The first two groups offer little surprise. Historically the FDA has not regulated general administrative or reference apps and nothing indicated this would change. On the other hand, FDA has focused on the functionality rather than platform, so, if a device, whether hardware, or a software, or an accessory met a definition of a medical device, the FDA would expect compliance with the regulations.

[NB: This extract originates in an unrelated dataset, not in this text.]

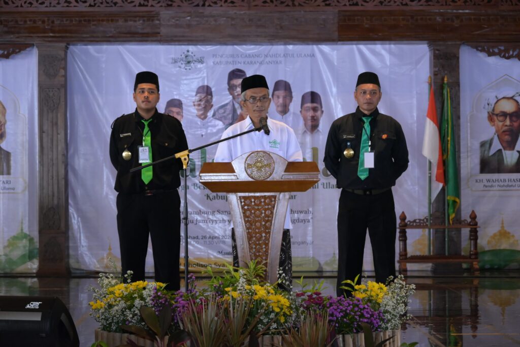 KH Abdul Aziz menyampaikan hal itu dalam Halalbihalal Keluarga Besar NU di Gedung Kebudayaan Kabupaten Karanganyar, Ahad (26/4/2026). Kegiatan dengan mengangkat tema “Menyambung Sanad, Memperkuat Ukhuwah, Menuju Jam’iyyah yang Mandiri dan Digdaya” sekaligus menjadi momentum penutup masa khidmat kepengurusan PCNU Karanganyar.

Somewhat unexpected action by the FDA was the creation of category of apps under “enforcement discretion”, such as exercise and fitness apps, smoking cessation, dietary and calorie tracking, location based asthma applications, and activity trackers. All these apps would be considered medical devices depending on the claims made by the manufacturer; however the FDA has not provided any more detail around that.

By placing these apps under “Enforcement Discretion” the FDA provides developers time to plan for and establish quality and regulatory processes required by General and Special Controls, and probably the FDA itself to provide clearer guidance and determine how to enforce regulations for all these apps. Under the enforcement discretion, the FDA will not require manufacturer to submit a pre-market application or comply with other general controls such as Quality System Regulation, for the time being.

Creation of the “Discretion Apps” group is generally good news for the developers of this type of apps; however it eliminates probably the only objective information whether the application performs as the developer or the manufacturer claims the app does. Not to say that all developers create inferior applications, but with so many applications out there and some of them being created by teams consisting of only one or two people, there is a real need for a comprehensive certification process to provide a respected review of apps to ensure data will be safe and the applications will perform as expected.

What’s next?

Now that the final guidance is here, the FDA may now begin to take more direct regulatory action towards mobile health app makers not in compliance, though not failing to recognize that it may take some time for players new to the regulated space to determine applicable regulatory requirements.